-- DATA PROVIDED follows --
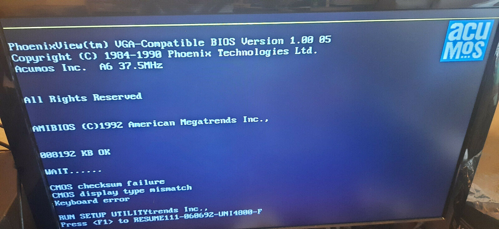 Si tratta di un sistema 486 a 40 Mhz, con cpu AMD Am486 DX-40; mobo datata Ottobre 1993, come da etichetta, equipaggiata con 8 slot per memoria simm a 30 pin per complessivi installati 8 Mega di ram (simm da 1 mega)
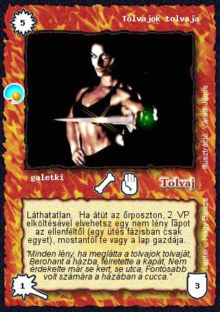 Szöveg: Láthatatlan. Ha átüt az őrposzton, 2 VP elköltésével elvehetsz egy nem lény lapot az ellenféltől (egy ütés fázisban csak egyet), mostantól te vagy a lap gazdája.
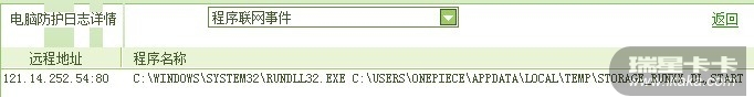 日志提示为:C:\WINDOWS\SYSTEM32\RUNDLL32.EXE C:\USERS\ONEPIECE\APPDATA\LOCAL\TEMP\STORAGE_RUNXX.DL,START是一个历史记录还记录有个远程ID地址.
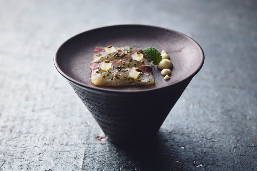 - 縞アジのカルパッチョ フェンネルとレモンバーム
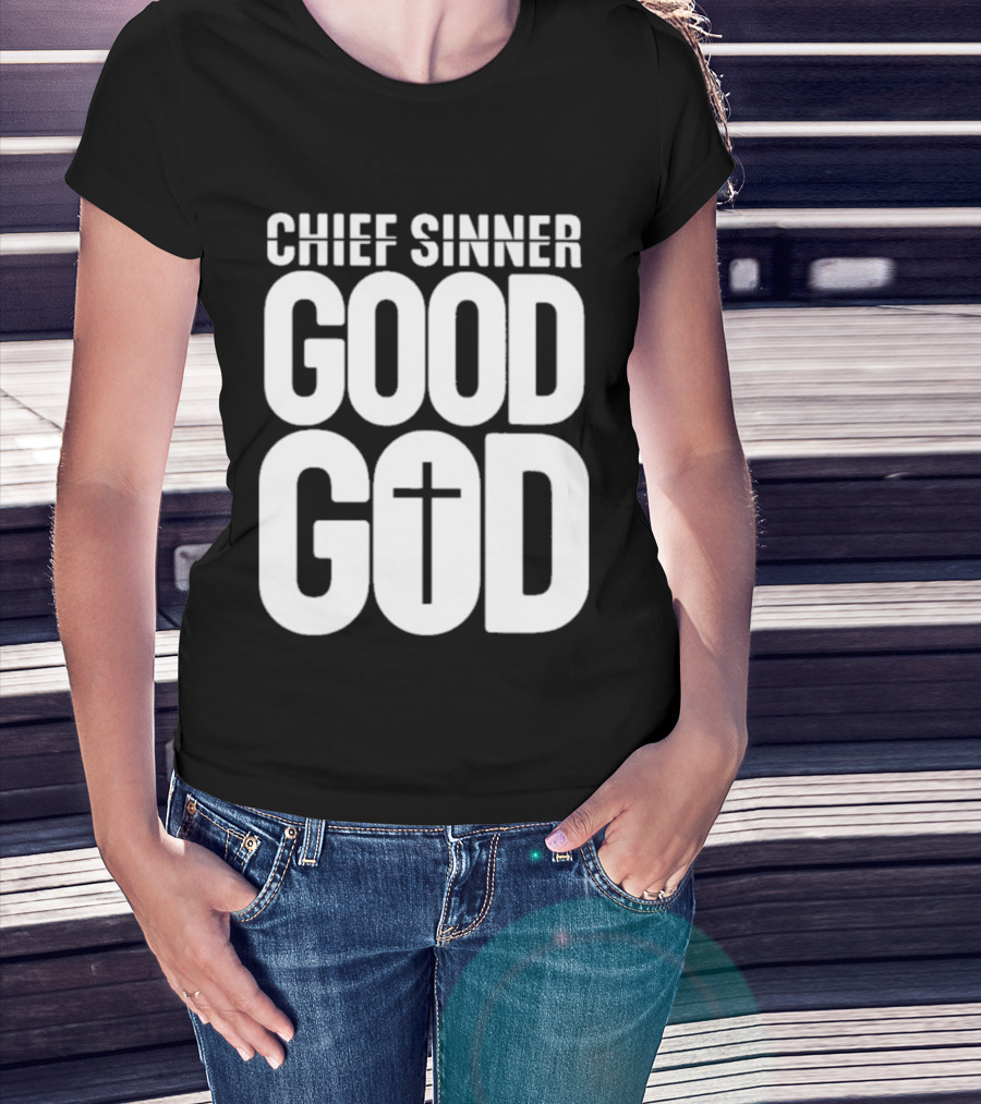 The Chief Sinner Good God Cross T-shirt is designed for everyday wear and a consistent fit. Fabric is pre-shrunk ring-spun cotton with durable stitching. See the size chart below for exact measurements.
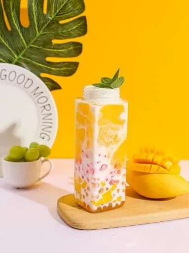 取杯加入原味脆波波,再加入芒果切丁、桃味脆波波或者新鲜红西柚果肉粒(倒入椰浆20ml)底部备用,取冰沙机加入芒果60g-80g、冰块260g、芒果果浆30ml、果糖20ml、茶汤250ml进行搅拌,搅拌后倒入杯中 淋上奶盖后出品即可。
-- DATA PROVIDED concluded --
*BRIEF:* From the line containing "The Chief Sinner" to the end of the data above, give those lines again verbatim, with both endpoints included and no images.

*WRITTEN SOLUTION:*
 The Chief Sinner Good God Cross T-shirt is designed for everyday wear and a consistent fit. Fabric is pre-shrunk ring-spun cotton with durable stitching. See the size chart below for exact measurements.
 取杯加入原味脆波波,再加入芒果切丁、桃味脆波波或者新鲜红西柚果肉粒(倒入椰浆20ml)底部备用,取冰沙机加入芒果60g-80g、冰块260g、芒果果浆30ml、果糖20ml、茶汤250ml进行搅拌,搅拌后倒入杯中 淋上奶盖后出品即可。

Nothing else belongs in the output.